Marker converts PDFs to markdown, JSON, and HTML quickly and accurately.

  • Supports a wide range of documents
  • Supports all languages
  • Removes headers/footers/other artifacts
  • Formats tables and code blocks
  • Extracts and saves images along with the markdown
  • Converts equations to latex
  • Easily extensible with your own formatting and logic
  • Works on GPU, CPU, or MPS

How it works

Marker is a pipeline of deep learning models:

  • Extract text, OCR if necessary (heuristics, surya)
  • Detect page layout and find reading order (surya)
  • Clean and format each block (heuristics, texify. tabled)
  • Combine blocks and postprocess complete text

It only uses models where necessary, which improves speed and accuracy.

Examples

PDFFile typeMarkdownJSON
Think PythonTextbookViewView
Switch TransformersarXiv paperViewView
Multi-column CNNarXiv paperViewView

Performance

Benchmark overall

The above results are with marker setup so it takes ~7GB of VRAM on an A10.

See below for detailed speed and accuracy benchmarks, and instructions on how to run your own benchmarks.

Commercial usage

I want marker to be as widely accessible as possible, while still funding my development/training costs. Research and personal usage is always okay, but there are some restrictions on commercial usage.

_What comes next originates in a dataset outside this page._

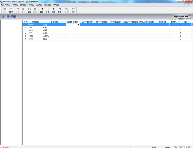 登錄系統後,在左邊的模塊區(qū)中,找到“總賬系統/會(huì)計(jì)接口/生(shēng)成憑證設置/應付控制(zhì)科目”,進入“應付控制(zhì)科目”窗口(如圖19),顯示的數(shù)據會(huì)根據3.1.1參數(shù)設置裏應付控制(zhì)科目依據顯示不同的欄位,當選擇按币别就是按币别設置科目編碼的,當選按料品類别就是按料品類别設置科目編碼的,打開(kāi)時(shí)自動讀取對應的數(shù)據

The weights for the models are licensed cc-by-nc-sa-4.0, but I will waive that for any organization under $5M USD in gross revenue in the most recent 12-month period AND under $5M in lifetime VC/angel funding raised. You also must not be competitive with the Datalab API. If you want to remove the GPL license requirements (dual-license) and/or use the weights commercially over the revenue limit, check out the options here.

Hosted API

There's a hosted API for marker available here:

  • Supports PDFs, word documents, and powerpoints
  • 1/4th the price of leading cloud-based competitors
  • High uptime (99.99%), quality, and speed (around 15 seconds to convert a 250 page PDF)

Community

Discord is where we discuss future development.

Limitations

PDF is a tricky format, so marker will not always work perfectly. Here are some known limitations that are on the roadmap to address:

  • Marker will only convert block equations
  • Tables are not always formatted 100% correctly - multiline cells are sometimes split into multiple rows.
  • Forms are not converted optimally
  • Very complex layouts, with nested tables and forms, may not work

Installation

You'll need python 3.10+ and PyTorch. You may need to install the CPU version of torch first if you're not using a Mac or a GPU machine. See here for more details.

Install with:

pip install marker-pdf

Usage

First, some configuration:

  • Your torch device will be automatically detected, but you can override this. For example, TORCH_DEVICE=cuda.
  • Some PDFs, even digital ones, have bad text in them. Set the force_ocr flag on the CLI or via configuration to ensure your PDF runs through OCR.

Interactive App

I've included a streamlit app that lets you interactively try marker with some basic options. Run it with:

pip install streamlit
marker_gui

Convert a single file

marker_single /path/to/file.pdf

Options:

  • --output_dir PATH: Directory where output files will be saved. Defaults to the value specified in settings.OUTPUT_DIR.
  • --debug: Enable debug mode for additional logging and diagnostic information.
  • --output_format [markdown|json|html]: Specify the format for the output results.
  • --page_range TEXT: Specify which pages to process. Accepts comma-separated page numbers and ranges. Example: --page_range "0,5-10,20" will process pages 0, 5 through 10, and page 20.
  • --force_ocr: Force OCR processing on the entire document, even for pages that might contain extractable text.
  • --processors TEXT: Override the default processors by providing their full module paths, separated by commas. Example: --processors "module1.processor1,module2.processor2"
  • --config_json PATH: Path to a JSON configuration file containing additional settings.
  • --languages TEXT: Optionally specify which languages to use for OCR processing. Accepts a comma-separated list. Example: --languages "eng,fra,deu" for English, French, and German.
  • config --help: List all available builders, processors, and converters, and their associated configuration. These values can be used to build a JSON configuration file for additional tweaking of marker defaults.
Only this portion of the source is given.